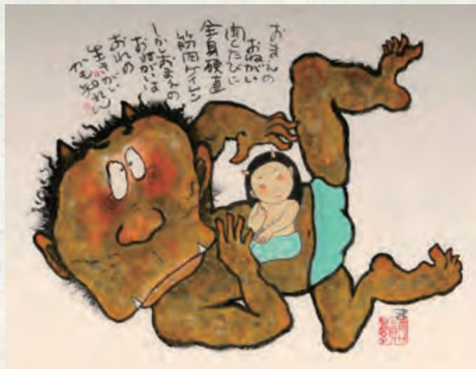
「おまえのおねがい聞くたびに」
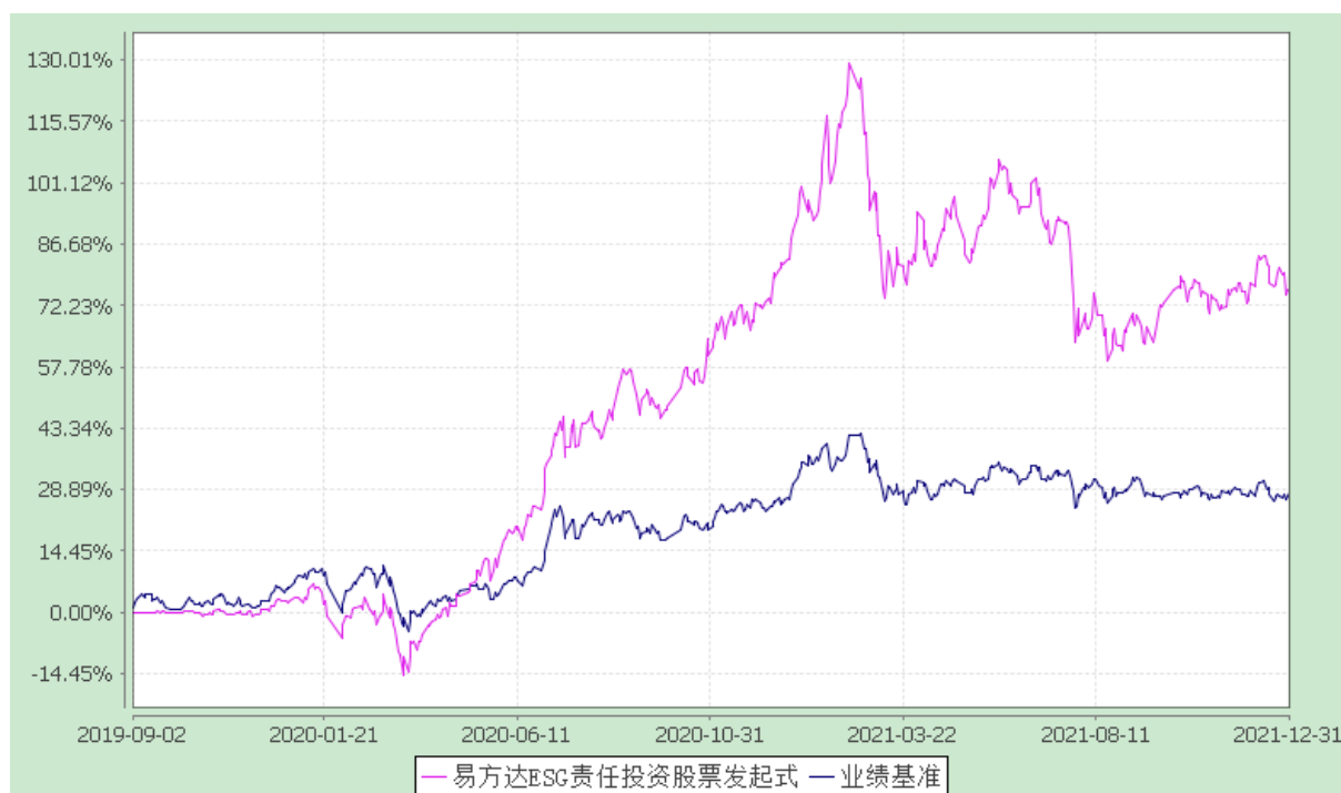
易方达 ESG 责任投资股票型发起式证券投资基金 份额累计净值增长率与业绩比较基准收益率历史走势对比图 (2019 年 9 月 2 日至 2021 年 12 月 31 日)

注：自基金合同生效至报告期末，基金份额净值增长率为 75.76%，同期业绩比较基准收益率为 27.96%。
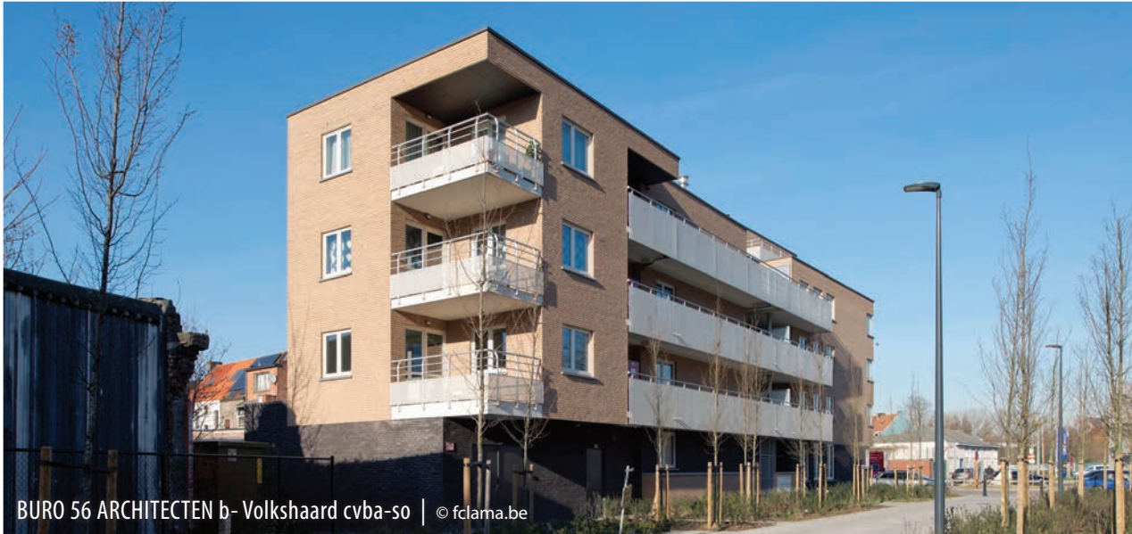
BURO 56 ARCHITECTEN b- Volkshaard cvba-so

§ What the task requires:
Omit every picture, then repeat the remaining data exactly as it appears above.

§ Answer to this task:
「おまえのおねがい聞くたびに」
易方达 ESG 责任投资股票型发起式证券投资基金 份额累计净值增长率与业绩比较基准收益率历史走势对比图 (2019 年 9 月 2 日至 2021 年 12 月 31 日)

注：自基金合同生效至报告期末，基金份额净值增长率为 75.76%，同期业绩比较基准收益率为 27.96%。
BURO 56 ARCHITECTEN b- Volkshaard cvba-so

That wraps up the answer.